Chapter 233,661 wordsPublic domain

»Nous ne devons point nous le dissimuler, il y a beaucoup à faire pour arriver à ce but. Une volonté suivie, un effort général et commun, sont absolument nécessaires pour obtenir un succès véritable. Continuez donc vos travaux sans d'autre passion que celle du bien; fixez toujours votre première attention sur le sort du peuple et sur la liberté publique, mais occupez-vous aussi d'adoucir, de calmer toutes les défiances, et mettez fin, le plus tôt possible, aux différentes inquiétudes qui éloignent de la France un si grand nombre de ses concitoyens, et dont l'effet contraste avec les lois de sûreté et de liberté que vous voulez établir: la prospérité ne reviendra qu'avec le contentement général. Nous apercevons partout des espérances; soyons impatiens de voir aussi partout le bonheur.

«Un jour, j'aime à le croire, tous les Français indistinctement reconnaîtront l'avantage de l'entière suppression des différences d'ordre et d'état, lorsqu'il est question de travailler en commun au bien public, à cette prospérité de la patrie qui intéresse également les citoyens, et chacun doit voir sans peine que, pour être appelé dorénavant à servir l'état de quelque manière, il suffira de s'être rendu remarquable par ses talens et par ses vertus.

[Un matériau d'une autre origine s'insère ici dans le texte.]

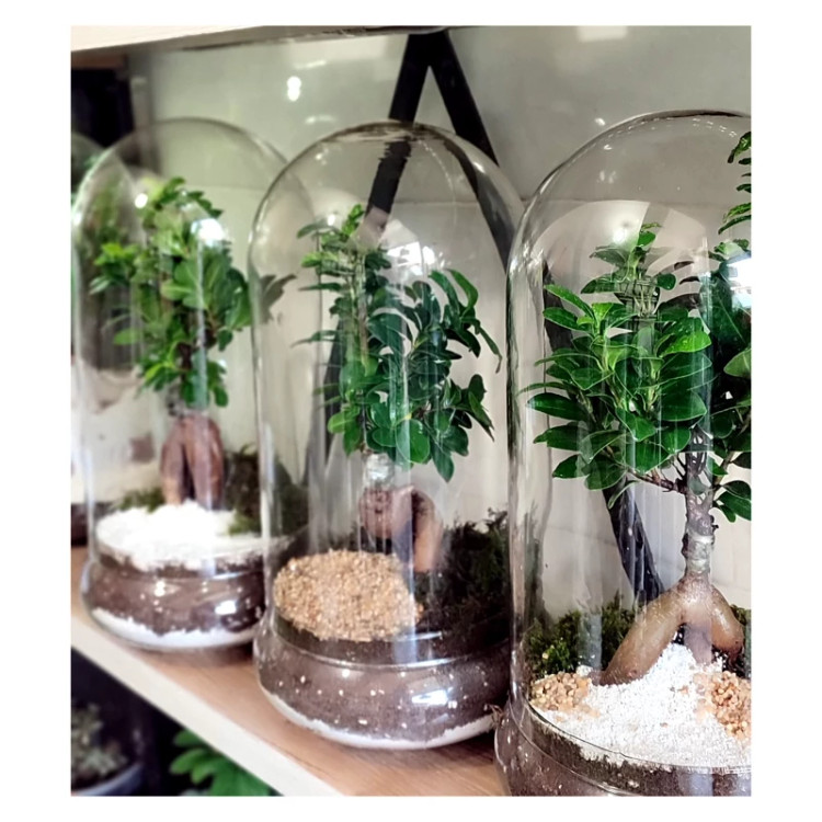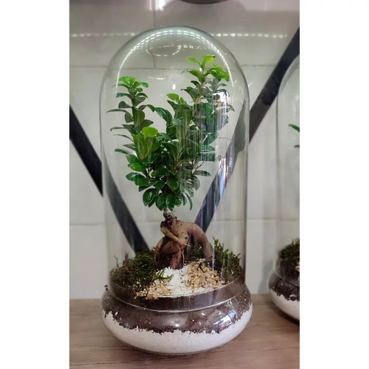 بونسای جنسینگ پیوندی فیکوس میکرو کارپا داخل شیشه مدل پلکسی نگهداری: بدلیل بسته بودن محیط و رطوبت بالا نیاز به آبیاری کمی دارد،آبیاری فقط بصورت اسپری روی سطح خاک به اندازه ای که خاک مرطوب شود.مراقب باشید به اندازه ای آبیاری نکنید که انتهای شیشه آب جمع شود. حدودا هفته ای یکبار تا ده روز یکبار بسته به دمای محیط آبیاری متفاوت است. روزانه حدودا یکی دو ساعت شیشه رویی را بردارید تا تهویه گیاه انجام شود. برای کود دادن از کود مایع که بصورت اسپری است استفاده کنید. نور بصورت غیر مستقیم یا از پشت پنجره و یا بصورت نور مصنوعی مانند لامپ باشد.

«En même temps, néanmoins, tout ce qui rappelle à une nation l'ancienneté et la continuité des services d'une race honorée est une distinction que rien ne peut détruire; et, comme elle s'unit aux devoirs de la reconnaissance, ceux qui, dans toutes les classes de la société, aspirent à servir efficacement leur patrie, et ceux qui ont eu déjà le bonheur d'y réussir, ont un intérêt à respecter cette transmission de titres ou de souvenirs, le plus beau de tous les héritages qu'on puisse faire passer à ses enfans.

«Le respect dû aux ministres de la religion ne pourra non plus s'effacer; et lorsque leur considération sera principalement unie aux saintes vérités qui sont sous la sauvegarde de l'ordre et de la morale, tous les citoyens honnêtes et éclairés auront un égal intérêt à la maintenir et à la défendre.

«_Sans doute ceux qui ont abandonné leurs privilèges pécuniaires, ceux qui ne formeront plus comme autrefois un ordre politique dans l'état, se trouvent soumis à des sacrifices dont je connais toute l'importance; mais, j'en ai la persuasion, ils auront assez de générosité pour chercher un dédommagement dans tous les avantages publics dont l'établissement des assemblées nationales présente l'espérance_.»

Le roi continue, comme on le voit, à exposer à tous les partis les avantages des nouvelles lois, et en même temps la nécessité de conserver quelque chose des anciennes. Ce qu'il adresse aux privilégiés prouve son opinion réelle sur la nécessité et la justice des sacrifices qu'on leur avait imposés, et leur résistance sera éternellement condamnée par les paroles que renferme ce discours. Vainement dira-t-on que le roi n'était pas libre: le soin qu'il prend ici de balancer les concessions, les conseils et même les reproches, prouve qu'il parlait sincèrement. Il s'exprima bien autrement lorsque plus tard il voulut faire éclater l'état de contrainte dans lequel il croyait être. Sa lettre aux ambassadeurs, rapportée plus bas, le prouvera suffisamment. L'exagération toute populaire qui y règne démontre l'intention de ne plus paraître libre. Mais ici la mesure ne laisse aucun doute, et ce qui suit est si touchant, si délicat, qu'il n'est pas possible de ne l'avoir pas senti, quand on a consenti à l'écrire et à le prononcer.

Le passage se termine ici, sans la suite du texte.